What to produce:
Leave the images out. Give every line below again, precisely.

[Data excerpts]
%%

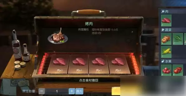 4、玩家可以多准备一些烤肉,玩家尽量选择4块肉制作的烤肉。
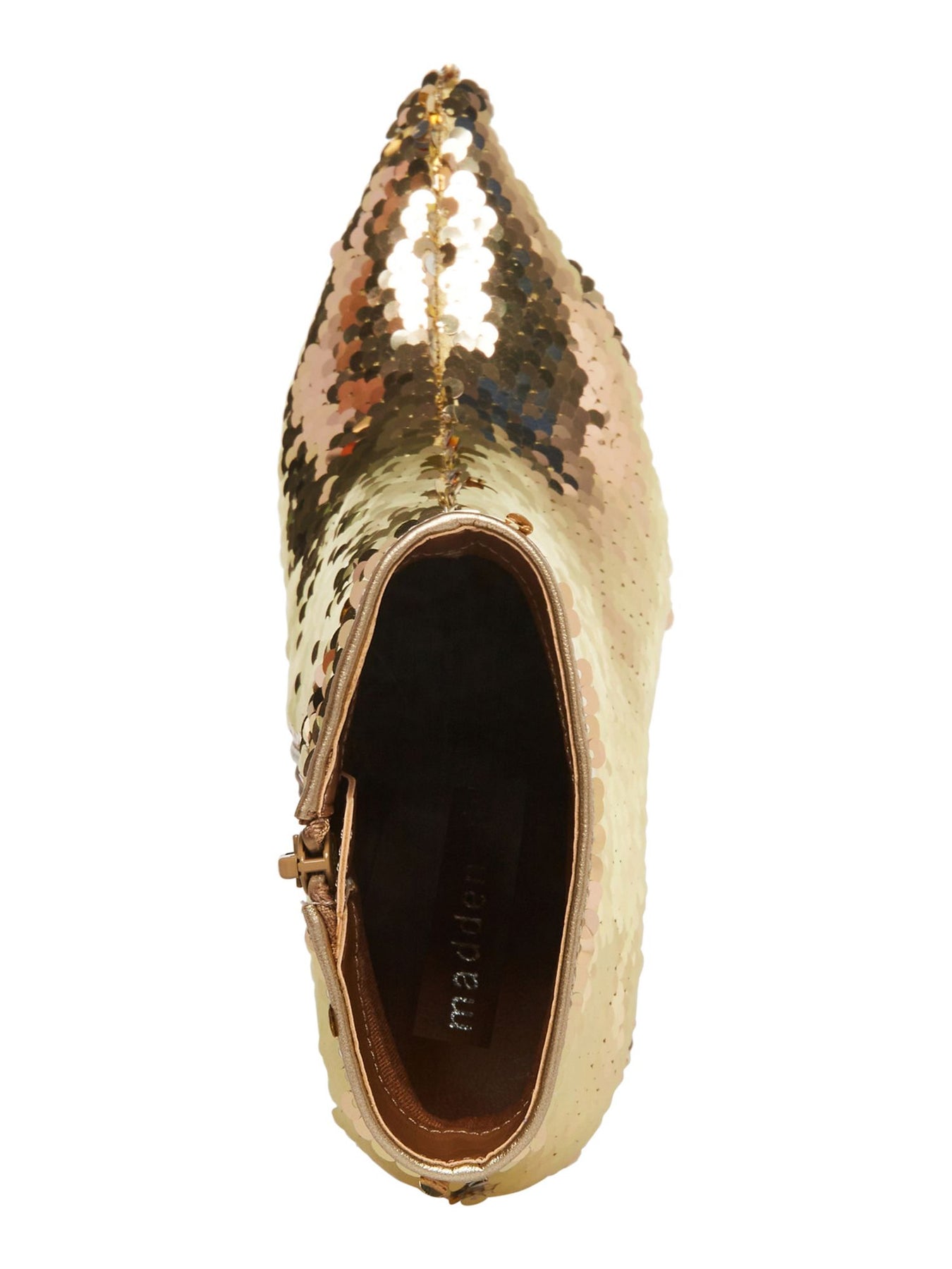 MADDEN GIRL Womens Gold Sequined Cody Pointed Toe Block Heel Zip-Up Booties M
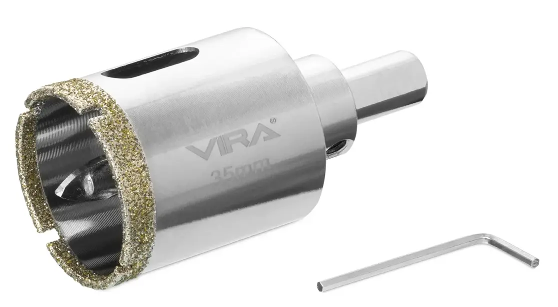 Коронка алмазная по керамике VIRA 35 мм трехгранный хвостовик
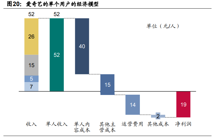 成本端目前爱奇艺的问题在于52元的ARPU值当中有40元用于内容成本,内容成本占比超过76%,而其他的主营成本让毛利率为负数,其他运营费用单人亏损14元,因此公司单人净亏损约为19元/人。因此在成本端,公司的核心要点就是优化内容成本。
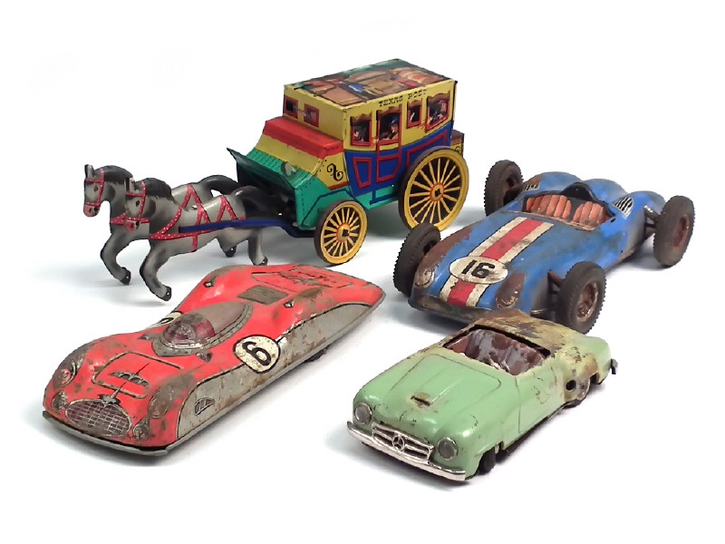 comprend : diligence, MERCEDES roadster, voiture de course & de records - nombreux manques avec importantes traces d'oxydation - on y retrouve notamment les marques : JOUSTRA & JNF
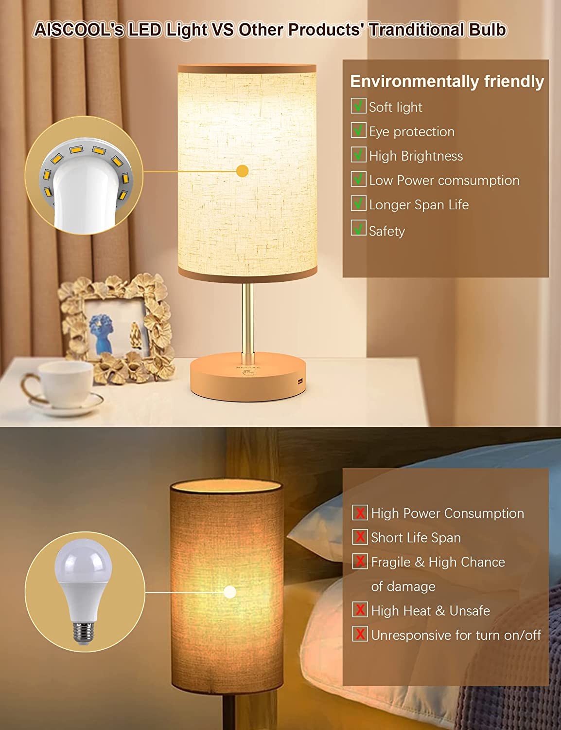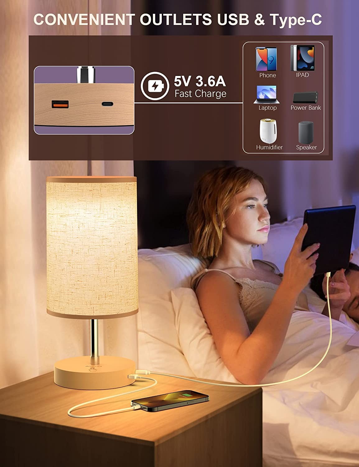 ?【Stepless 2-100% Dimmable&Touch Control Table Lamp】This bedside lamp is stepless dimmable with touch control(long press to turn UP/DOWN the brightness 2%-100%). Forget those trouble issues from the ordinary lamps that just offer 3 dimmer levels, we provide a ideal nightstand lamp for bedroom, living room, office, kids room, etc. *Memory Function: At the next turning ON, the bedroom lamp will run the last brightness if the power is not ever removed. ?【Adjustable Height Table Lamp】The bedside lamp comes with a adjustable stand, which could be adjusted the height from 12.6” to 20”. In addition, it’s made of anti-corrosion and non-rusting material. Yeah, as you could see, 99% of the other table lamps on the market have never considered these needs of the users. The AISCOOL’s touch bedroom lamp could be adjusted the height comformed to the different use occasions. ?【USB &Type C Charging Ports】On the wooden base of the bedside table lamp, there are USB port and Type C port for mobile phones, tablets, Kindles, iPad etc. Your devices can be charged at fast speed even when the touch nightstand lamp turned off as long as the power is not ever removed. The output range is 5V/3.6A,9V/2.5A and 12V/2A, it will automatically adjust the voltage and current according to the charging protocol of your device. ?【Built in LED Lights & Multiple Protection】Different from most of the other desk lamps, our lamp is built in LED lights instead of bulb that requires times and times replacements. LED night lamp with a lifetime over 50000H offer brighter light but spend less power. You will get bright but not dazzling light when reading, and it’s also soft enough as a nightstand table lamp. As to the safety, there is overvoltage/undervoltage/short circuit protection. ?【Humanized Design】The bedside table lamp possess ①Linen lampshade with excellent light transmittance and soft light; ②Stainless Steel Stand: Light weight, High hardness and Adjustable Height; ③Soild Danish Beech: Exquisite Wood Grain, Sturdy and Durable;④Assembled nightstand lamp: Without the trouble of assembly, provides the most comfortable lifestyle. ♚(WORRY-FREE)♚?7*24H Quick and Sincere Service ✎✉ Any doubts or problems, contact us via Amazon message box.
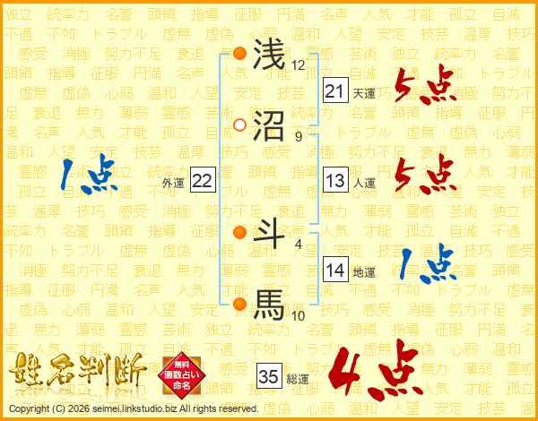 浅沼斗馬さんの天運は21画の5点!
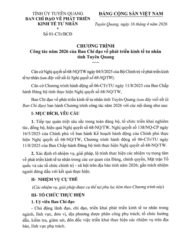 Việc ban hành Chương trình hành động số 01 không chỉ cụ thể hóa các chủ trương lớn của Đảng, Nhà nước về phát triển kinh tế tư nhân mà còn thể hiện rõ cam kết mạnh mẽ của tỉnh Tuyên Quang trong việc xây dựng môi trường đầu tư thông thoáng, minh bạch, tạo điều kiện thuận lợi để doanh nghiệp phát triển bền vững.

%%

Response area:
 4、玩家可以多准备一些烤肉,玩家尽量选择4块肉制作的烤肉。
 MADDEN GIRL Womens Gold Sequined Cody Pointed Toe Block Heel Zip-Up Booties M
 Коронка алмазная по керамике VIRA 35 мм трехгранный хвостовик
 成本端目前爱奇艺的问题在于52元的ARPU值当中有40元用于内容成本,内容成本占比超过76%,而其他的主营成本让毛利率为负数,其他运营费用单人亏损14元,因此公司单人净亏损约为19元/人。因此在成本端,公司的核心要点就是优化内容成本。
 comprend : diligence, MERCEDES roadster, voiture de course & de records - nombreux manques avec importantes traces d'oxydation - on y retrouve notamment les marques : JOUSTRA & JNF
 ?【Stepless 2-100% Dimmable&Touch Control Table Lamp】This bedside lamp is stepless dimmable with touch control(long press to turn UP/DOWN the brightness 2%-100%). Forget those trouble issues from the ordinary lamps that just offer 3 dimmer levels, we provide a ideal nightstand lamp for bedroom, living room, office, kids room, etc. *Memory Function: At the next turning ON, the bedroom lamp will run the last brightness if the power is not ever removed. ?【Adjustable Height Table Lamp】The bedside lamp comes with a adjustable stand, which could be adjusted the height from 12.6” to 20”. In addition, it’s made of anti-corrosion and non-rusting material. Yeah, as you could see, 99% of the other table lamps on the market have never considered these needs of the users. The AISCOOL’s touch bedroom lamp could be adjusted the height comformed to the different use occasions. ?【USB &Type C Charging Ports】On the wooden base of the bedside table lamp, there are USB port and Type C port for mobile phones, tablets, Kindles, iPad etc. Your devices can be charged at fast speed even when the touch nightstand lamp turned off as long as the power is not ever removed. The output range is 5V/3.6A,9V/2.5A and 12V/2A, it will automatically adjust the voltage and current according to the charging protocol of your device. ?【Built in LED Lights & Multiple Protection】Different from most of the other desk lamps, our lamp is built in LED lights instead of bulb that requires times and times replacements. LED night lamp with a lifetime over 50000H offer brighter light but spend less power. You will get bright but not dazzling light when reading, and it’s also soft enough as a nightstand table lamp. As to the safety, there is overvoltage/undervoltage/short circuit protection. ?【Humanized Design】The bedside table lamp possess ①Linen lampshade with excellent light transmittance and soft light; ②Stainless Steel Stand: Light weight, High hardness and Adjustable Height; ③Soild Danish Beech: Exquisite Wood Grain, Sturdy and Durable;④Assembled nightstand lamp: Without the trouble of assembly, provides the most comfortable lifestyle. ♚(WORRY-FREE)♚?7*24H Quick and Sincere Service ✎✉ Any doubts or problems, contact us via Amazon message box.
 浅沼斗馬さんの天運は21画の5点!
 Việc ban hành Chương trình hành động số 01 không chỉ cụ thể hóa các chủ trương lớn của Đảng, Nhà nước về phát triển kinh tế tư nhân mà còn thể hiện rõ cam kết mạnh mẽ của tỉnh Tuyên Quang trong việc xây dựng môi trường đầu tư thông thoáng, minh bạch, tạo điều kiện thuận lợi để doanh nghiệp phát triển bền vững.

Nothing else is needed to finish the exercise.